Spanish romantic drama television series

The Vineyard (La templanza; lit. 'The Temperance') is a Spanish romantic drama television limited series produced by Atresmedia Studios and Boomerang TV for Amazon Prime Video starring Leonor Watling, Rafael Novoa, Emilio Gutiérrez Caba and Juana Acosta. It is an adaptation of the novel of the same name by María Dueñas. It was released on 26 March 2021.

== Premise ==
Set in the 1860s, the fiction moves across different locations such as Cádiz, Mexico City, London, and Havana. The plot tracks the love story between Mauro Larrea (Rafael Novoa) and Soledad Montalvo (Leonor Watling), a refined woman belonging to a noted winemaking family from Jerez.

== Cast ==
- Leonor Watling as Soledad Montalvo
  - Carla Campra as young Soledad Montalvo
- Rafael Novoa as Mauro Larrea
- Juana Acosta as Carola Gorostiza
- Emilio Gutiérrez Caba as Don Matías Montalvo
- Esmeralda Pimentel as Mariana Larrea
- Nathaniel Parker as Edward Clayton
- Alejandro de la Madrid as Elías Andrade
- Raúl Briones as Santos Huesos
- Ignacio Mateos as Luis el Comino
- Javier Beltrán as Gustavo Zayas
- Henry Pettigrew as Alan Clayton
- Bella Agossou as Trinidad.
- Jose Roberto Diaz as Ernesto Gorostiza (Episode 2)

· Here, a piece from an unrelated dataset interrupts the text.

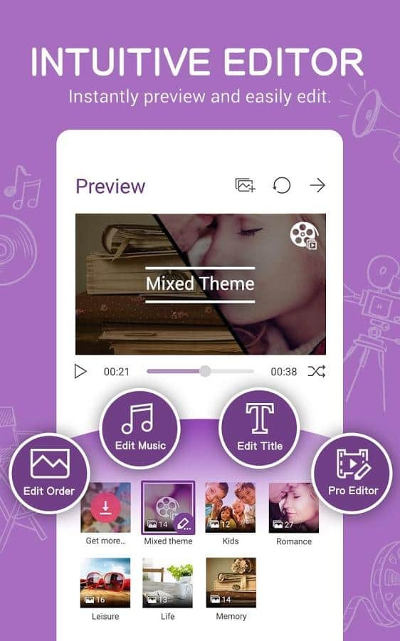 Este programa permite crear pequeños videoclips a partir de tus fotos, y hacerlo de la manera más simple posible. Para personalizar tu video, puedes utilizar temas y efectos integrados, así como agregar música de fondo. Si es necesario, se pueden incluir subtítulos.
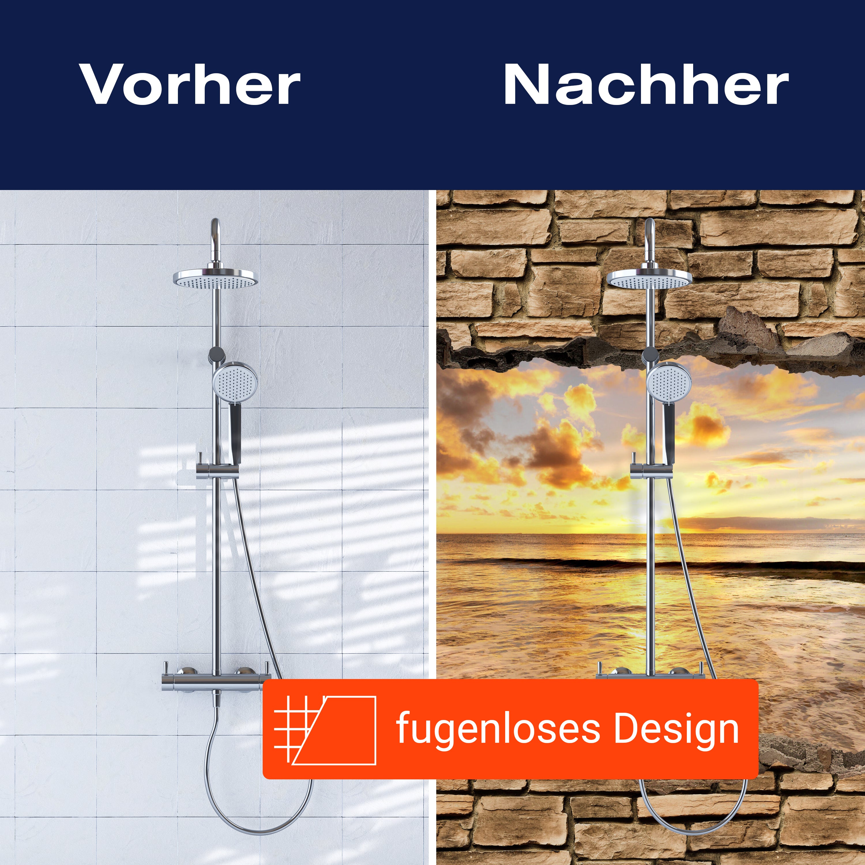 Bist du es leid, auf die langweiligen, schwer zu reinigende Fliesen in deiner Dusche zu schauen? Stell dir vor, wie dein Bad mit einer stilvollen, modernen Rückwand zum Leben erwacht! Unsere Duschwand '3D Sonnenuntergang am Meer - Steinmauer' ist nicht nur ein optisches Highlight, sondern auch praktisch und pflegeleicht.

== Production and release ==
The series is produced by Buendía Estudios in collaboration with Boomerang TV. It was shot in Tenerife, Madrid, Dublin, London and Jerez. In February 2021, Amazon Prime Video disclosed the intended release date set for 26 March 2021. Guillem Morales, Alberto Ruiz Rojo and Patricia Font directed the episodes, whereas Sonia Martínez, Nacho Manubens, Tedy Villalba and José María Caro are credited as executive producers. The screenplay adapting the original novel by María Dueñas was authored by Susana López Rubio and Javier Holgado. The series consists of 10 episodes with a running time of around 50 minutes.